Siapa di dunia ini yang tak ingin dirinya terpilih?
Siapa yang tak ingin dirinya dipuji, dipuja, disanjung dan dielu-elukan namanya sebagai seorang pemenang, orang-orang yang hebat?
Ayo-lah jangan kalian munafik! Karena ini tentang harag diri!
Dan itu-lah kenapa saya bersedih hingga akhirnya menangis..
Saya bersedih hingga menangis untuk diri saya sendiri, diri sendiri yang tak mampu untuk menjadi yang terbaik dan terpilih walau secara isi, secara substansi, saya rasa saya mampu dan pantas untuk menjadi yang terbaik dan terpilih.
Dan ya, pemikiran-pemikiran liar seperti itu yang berterbangan tak menentu dalam otak semakin membuat sakit, sungguh sakit dalam hati!
Persetan dengan gelar!
Tak masalah bagi saya menjadi sarjana atau diploma bahkan kenyataannya saya lebih ingin menjadi praktisi daripada sekedar ahli teori maka tidak terpilihnya saya seharusnya tak harus membuat saya sakit hati.
Tapi sayang karena mekanisme penentuan itu ditentukan langsung berdasarkan orang-orang yang katanya terbaik dan terpilih maka saya sungguh sakit ketika mendapati diri ini tidak terpilih dan tidak termasuk orang-orang terbaik.
Bahkan saya kalah oleh orang-orang yang saya pikir kualitasnya berada jelas di bawah saya.
Maaf, tapi setidaknya itu yang saya rasakan dan bila ada diantara kalian yang tidak terima dengan pernyataan ini maka mari sama-sama kita buktikan kualitas diri kita masing-masing secara langsung, tidak hanya secara teoritis tertulis di atas kertas, tapi nyata terimplementasi dalam argumen kalimat secara langsung.

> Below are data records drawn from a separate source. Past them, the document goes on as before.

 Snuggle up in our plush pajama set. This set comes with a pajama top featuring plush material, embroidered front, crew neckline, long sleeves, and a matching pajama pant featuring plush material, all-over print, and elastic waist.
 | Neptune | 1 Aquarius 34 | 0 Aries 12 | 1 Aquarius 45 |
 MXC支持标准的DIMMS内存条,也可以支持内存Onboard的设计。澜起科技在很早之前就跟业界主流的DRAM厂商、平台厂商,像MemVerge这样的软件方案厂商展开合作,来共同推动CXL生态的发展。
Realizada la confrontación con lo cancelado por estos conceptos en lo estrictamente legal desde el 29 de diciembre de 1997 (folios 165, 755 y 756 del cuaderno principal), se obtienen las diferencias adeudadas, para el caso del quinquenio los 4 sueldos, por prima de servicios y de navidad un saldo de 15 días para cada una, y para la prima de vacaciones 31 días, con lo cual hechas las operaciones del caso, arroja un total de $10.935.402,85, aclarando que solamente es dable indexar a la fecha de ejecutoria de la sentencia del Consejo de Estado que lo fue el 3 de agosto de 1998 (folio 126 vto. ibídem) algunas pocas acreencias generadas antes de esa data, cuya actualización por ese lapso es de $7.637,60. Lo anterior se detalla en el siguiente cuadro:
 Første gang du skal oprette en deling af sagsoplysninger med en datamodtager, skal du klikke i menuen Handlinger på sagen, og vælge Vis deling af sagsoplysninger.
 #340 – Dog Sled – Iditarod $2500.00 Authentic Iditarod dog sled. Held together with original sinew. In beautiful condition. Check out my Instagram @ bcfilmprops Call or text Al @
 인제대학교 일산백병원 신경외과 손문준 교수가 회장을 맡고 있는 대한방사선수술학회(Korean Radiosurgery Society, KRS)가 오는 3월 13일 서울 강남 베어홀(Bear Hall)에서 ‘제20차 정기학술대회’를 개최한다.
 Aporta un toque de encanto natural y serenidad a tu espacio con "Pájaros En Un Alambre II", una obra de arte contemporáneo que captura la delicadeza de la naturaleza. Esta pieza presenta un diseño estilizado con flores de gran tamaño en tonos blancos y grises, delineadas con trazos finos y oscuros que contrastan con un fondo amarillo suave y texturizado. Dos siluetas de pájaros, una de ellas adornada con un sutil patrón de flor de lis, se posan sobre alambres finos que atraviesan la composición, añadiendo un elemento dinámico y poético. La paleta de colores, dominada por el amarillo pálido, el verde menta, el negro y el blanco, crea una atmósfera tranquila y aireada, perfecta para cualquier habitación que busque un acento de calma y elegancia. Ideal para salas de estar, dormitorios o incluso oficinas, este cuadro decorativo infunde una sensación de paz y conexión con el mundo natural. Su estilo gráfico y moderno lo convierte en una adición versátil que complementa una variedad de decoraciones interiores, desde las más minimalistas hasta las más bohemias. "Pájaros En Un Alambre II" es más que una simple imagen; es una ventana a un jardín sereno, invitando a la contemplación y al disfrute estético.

“selayaknya permainan sepak bola, sebuah kekalahan akan terasa sangat menyakitkan ketika sebenarnya sepanjang 90 menit permainan, sebuah tim yang terkalahkan itu mampu untuk menguasainya!”
Tapi apa mau dikata?
Toh ini kebijakan pimpinan dan segala yang telah terjadi berarti itu adalah yang terbaik menurut Allah kan?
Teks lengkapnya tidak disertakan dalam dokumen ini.